Я пролежал несколько минут, пережидая, пока пройдет дурнота и позывы рвоты, которые я не мог подавить, а затем, подгоняемый острой болью, поднялся на ноги и побежал к замку. Мной владело одно желание – заглушить боль, спрятаться от света, от воздуха в мрак распахнутых окон. Я помню, как, спотыкаясь, перешагнул в гостиную через порог стеклянной двери, увидел испуганное лицо Рене, услышал, как она вскрикнула, и упал на диван, – мрак, к которому я стремился, обволок меня со всех сторон, хотя боль не стихла. Я слышал, как Рене зовет Поля, а Поль – Гастона, меня окружали встревоженные лица, раздавались встревоженные голоса. Они пытались высвободить мою руку, прикрытую пальто, но я по-прежнему прижимал ее к себе. Я мог только качаться взад и вперед и трясти головой, не в силах сказать им, чтобы они ушли и оставили меня одного, потому что для меня существовало сейчас лишь одно – боль.

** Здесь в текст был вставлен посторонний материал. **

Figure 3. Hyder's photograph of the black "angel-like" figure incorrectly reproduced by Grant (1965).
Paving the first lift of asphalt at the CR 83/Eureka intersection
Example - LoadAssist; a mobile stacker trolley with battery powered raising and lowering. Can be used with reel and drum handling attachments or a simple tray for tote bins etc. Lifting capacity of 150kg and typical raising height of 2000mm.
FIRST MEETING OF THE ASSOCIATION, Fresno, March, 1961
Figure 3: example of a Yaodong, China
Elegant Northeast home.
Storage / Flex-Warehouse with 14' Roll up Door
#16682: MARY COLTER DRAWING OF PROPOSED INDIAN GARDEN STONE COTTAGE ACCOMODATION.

– Надо найти мадемуазель Бланш, – сказал Гастон, и Рене тут же выбежала из гостиной; я слышал, как Поль крикнул, что пойдет звонить доктору, и в моем помраченном сознании забрезжила мысль: как хорошо было бы впасть в беспамятство, тогда исчезла бы и боль.

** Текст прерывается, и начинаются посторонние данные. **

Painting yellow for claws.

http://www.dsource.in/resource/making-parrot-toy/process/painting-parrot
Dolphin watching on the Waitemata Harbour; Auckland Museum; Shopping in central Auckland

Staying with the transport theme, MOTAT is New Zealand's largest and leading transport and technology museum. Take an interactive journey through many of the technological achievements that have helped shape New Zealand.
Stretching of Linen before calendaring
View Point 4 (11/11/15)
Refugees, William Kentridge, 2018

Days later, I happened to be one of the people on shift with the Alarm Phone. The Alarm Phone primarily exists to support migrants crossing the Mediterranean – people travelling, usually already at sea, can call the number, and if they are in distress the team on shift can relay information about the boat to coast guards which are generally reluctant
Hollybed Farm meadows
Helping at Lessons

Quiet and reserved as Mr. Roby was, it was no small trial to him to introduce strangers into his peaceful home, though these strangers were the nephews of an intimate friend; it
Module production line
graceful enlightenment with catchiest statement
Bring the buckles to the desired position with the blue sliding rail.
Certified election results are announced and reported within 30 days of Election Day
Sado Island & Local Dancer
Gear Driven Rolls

– Вы ранили себя, господин граф? – спросил стоявший возле меня на коленях Гастон.
– Нет, обжегся, кретин, – сказал я, отвернувшись, и подумал, что, имей я возможность ругаться и сквернословить по-английски, мне стало бы легче.
Вернулись остальные и снова столпились возле меня, тупо повторяя одни и те же фразы: «Он обжегся… это рука… он обжег руку… но где?.. но как?..»

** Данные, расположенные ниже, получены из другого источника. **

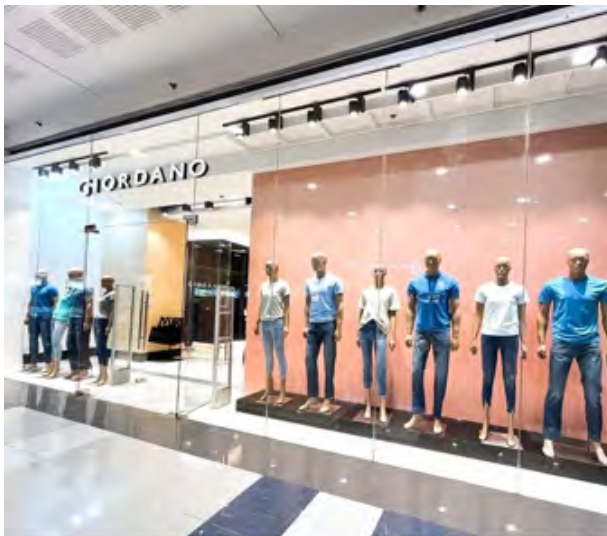
SM CITY DASMARIÑAS

Get your stylish and comfy outfit for your #OOTDs from Giordano's newly opened store at SM City Dasmariñas, located at the upper ground floor. Avail their end of season sale until September 30, 2022.

Потом все лица, что всматривались в меня, отодвинулись, а рядом со мной, на месте Гастона, очутилась Бланш. Она протянула руку, чтобы взять мою, но я вскрикнул:
– Больно!
– Подержите его, – сказала она Полю и Гастону, и они схватили меня за плечи и прижали к подушкам дивана.
Бланш взяла мою руку и намазала ее чем-то прохладным и освежающим, разбрызгивая содержимое тюбика по всей поверхности ожога. Затем наложила свободную повязку, сказав окружающим, что минуты через две боль утихнет. Я закрыл глаза; вокруг меня раздавался нестройный шум голосов, слышался один и тот же вопрос: как это могло случиться? – и медленно, очень медленно всепоглощающая боль стала отступать, уже можно было терпеть ее, я больше не был воплощением страдания, я почувствовал, что состою не только из обожженной руки, у меня есть вторая, есть тело, ноги, глаза, которые могут раскрыться и посмотреть на собравшихся рядом людей, что наконец-то я в состоянии объяснить им, что произошло.
– Ну как, полегче? – спросил Поль.
– Да, кажется, – сказал я, немного обождав; мне не верилось, что боль отпустила меня надолго.
Я увидел, что к кружку возле меня присоединилась Мари-Ноэль; белая как мел, она не сводила с меня огромных глаз.
– Что вы сделали? Что случилось? – спросила Рене; за ее спиной, держа рюмку коньяка, которого я не хотел, стоял встревоженный и огорченный Гастон.
– Мои часы упали в костер, – сказал я, – тот, что возле голубятни. Мне не хотелось их лишиться, я наклонился, чтобы поднять их, и обжег руку. Сам виноват. Полез как дурак в огонь. Что может быть нелепей!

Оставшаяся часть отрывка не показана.